Members of the National Center for Prenatal & Postnatal Down Syndrome Resources presented a breakout session at this year’s annual conference for the Association of University Centers on Disability (AUCD):
- Harold Kleinert, director Human Development Institute, the UCEDD for Kentucky;
- Stephanie Meredith, director of medical outreach and author of the materials recognized by professional medical organizations;
- Mitchell Levitz, review board member for the Kennedy Foundation; and,
- Myself, bioethicist for the National Center.
Stephanie shared an insight she had gained from looking at the history of what it meant to be a person with Down syndrome.
She commented on how the extra 21st Chromosome must have transformed over the decades. How else to explain the life expectancy rising from under 10 years of age at the turn of the last century to now being over 60? Or, that individuals with Down syndrome were not expected to even read a half century ago and now more and more are working in professional offices.

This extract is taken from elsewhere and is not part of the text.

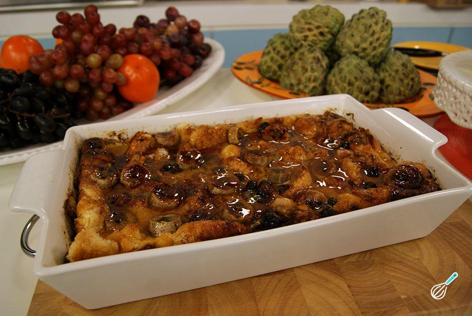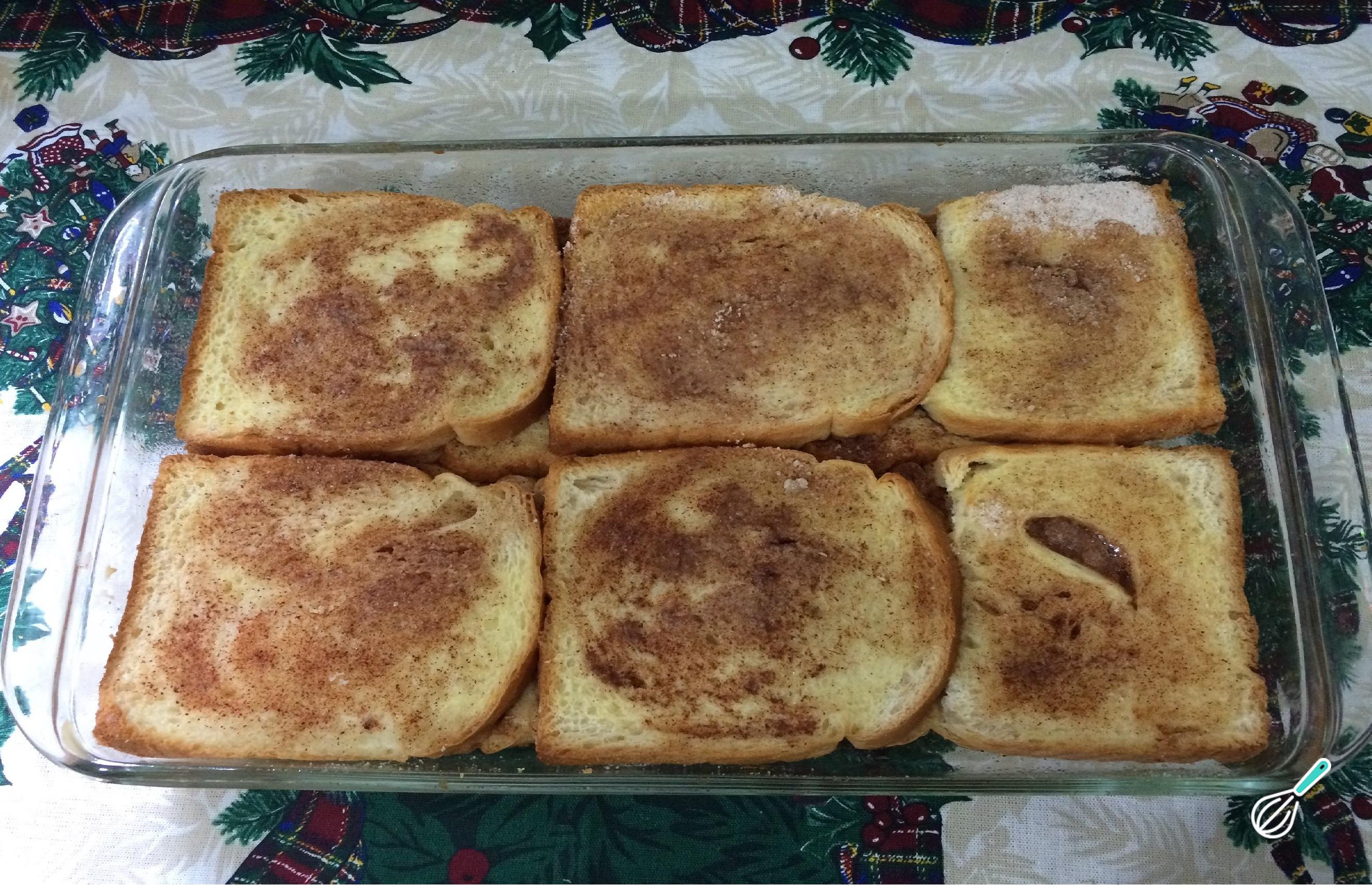 Coloque as fatias de pão em um pirex, cobrindo todo o fundo, e despeje a mistura do passo anterior no topo. Cubra com as fatias de banana e polvilhe com canela em pó. Asse em forno preaquecido até dourar (cerca de 30 minutos).

Of course, her point was that the 21st chromosome had not changed whatsoever. Instead, what had changed was society and its expectations and acceptance of those with Down syndrome.

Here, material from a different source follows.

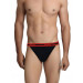 Navy blue string bikini briefs, has a signature logo elastic waistband in a contrast colour, minimum front coverage with full back coverage and double layered front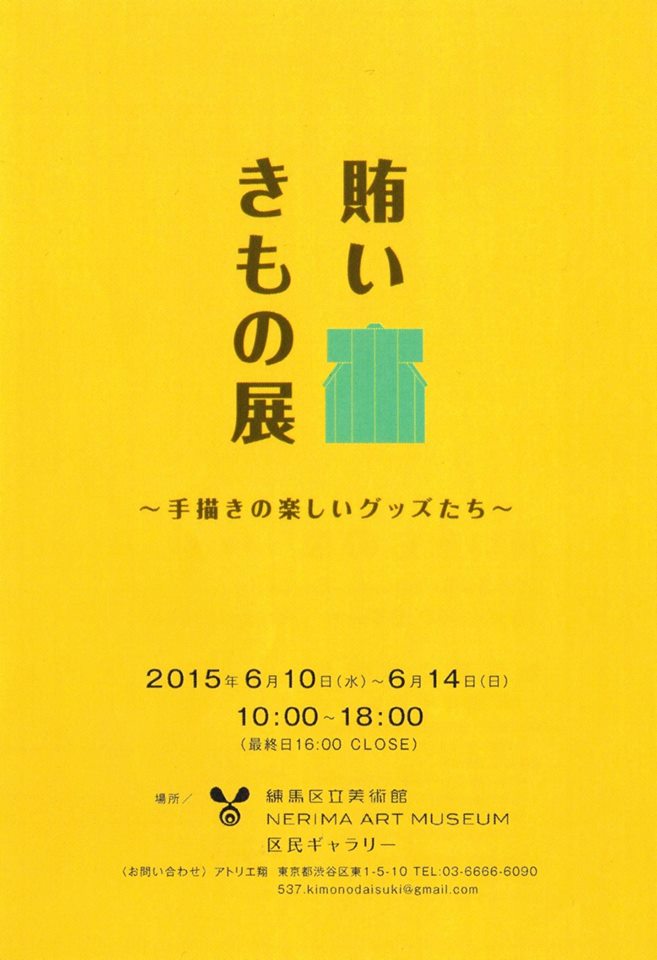 10997708_809436909147296_7456430598858687931_n 練馬区立美術館では久しぶりの開催になりますが、今年はやります! 「賄いきもの展」 2015年6月10日(水)~6月14日(日) 10:00~18:00(最終日は16時CLOSE) 練馬区中村橋駅の練馬区立美術館・区民ギャラリー いつもは着物・帯が中心でしたが、 今年は手描きの染色小物(ストール・スカーフ・帯揚げ・バッグなど?)も予定しています。 みなさま是非お立ち寄りださいね! 2010年より、 「賄い展」「賄いきもの展」 と題して開催しておりますが、 「賄い」って? なに? ・・・と、思われた方もいらっしゃいますよね。 この題に込めたコンセプトについては、 また次回書かせていただきますね♪

Our co-panelist was living proof of this transformation.
Mitch Levitz spoke of how when he was born in 1970, his parents were counseled about institutionalizing him. But instead, they brought him home and loved him. He went on to read Hebrew at his bar mitzvah, graduate from high school, and have an office job at his local UCEDD.

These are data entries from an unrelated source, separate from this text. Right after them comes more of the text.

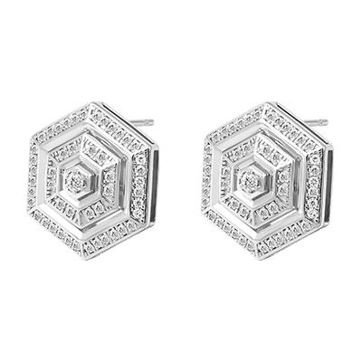 De "Hexad" oorbellen in witgoud schitteren door hun hexagonale motief bezaaid met diamanten. Ze bieden een moderne en tijdloze elegantie, die het licht bij elke beweging vangt.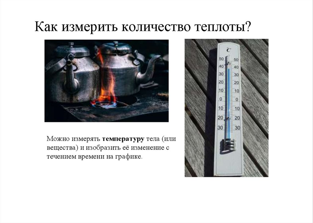 Как измерить количество теплоты?Можно измерять температуру тела (или
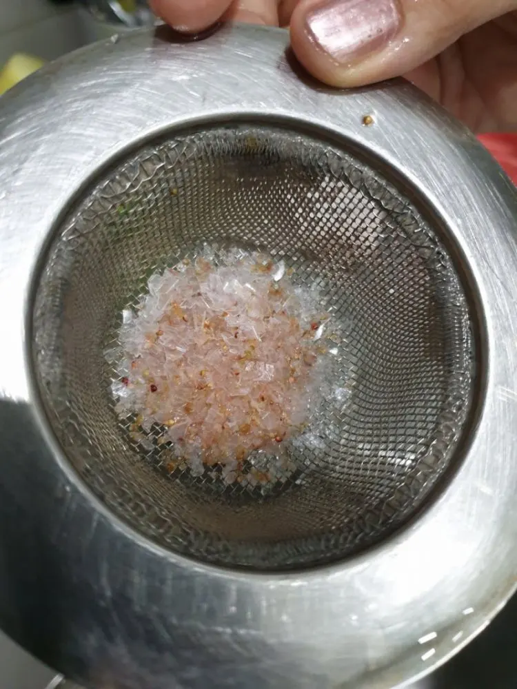 "ฝากพี่ที่ทำงานซื้อน้ำ ละแบบดูดๆไปเอ๊ะทำไมมีพลาสติกตอนแรกนึกว่าเม็ดสตอเบอร์รี่ เจอรอบแรกยังไม่เท่าไหร่ ดูดอีกเจออีกก็แบบเอ๊ะไม่โอละป่ะ ทีนี้เลยไปเอาที่กรองมาลองกรองน้ำออก คือน้ำเค้าก็อร่อยไงโอเคเบยเลยเสียดายน้ำ แต่ไม่คิดว่ากรองออกมาแล้วจะขนาดนี้อ่ะ"

Having spoken at dozens of these types of panels, I was impressed by Mitch’s remarks. Not only for the substance, but also for the style. Mitch spoke without notes, extemporaneously, and not from some rote script. Public speaking is often rated one of the top fears, but clearly not for Mitch.
I doubt many parents today, when they are told their child has Down syndrome, can envision their child working at a university office and speaking at a national conference. But, Mitch is just one example of a growing number of individuals with Down syndrome living such lives.
Nothing has changed about the extra 21st Chromosome. But the opportunities for those who have it certainly have.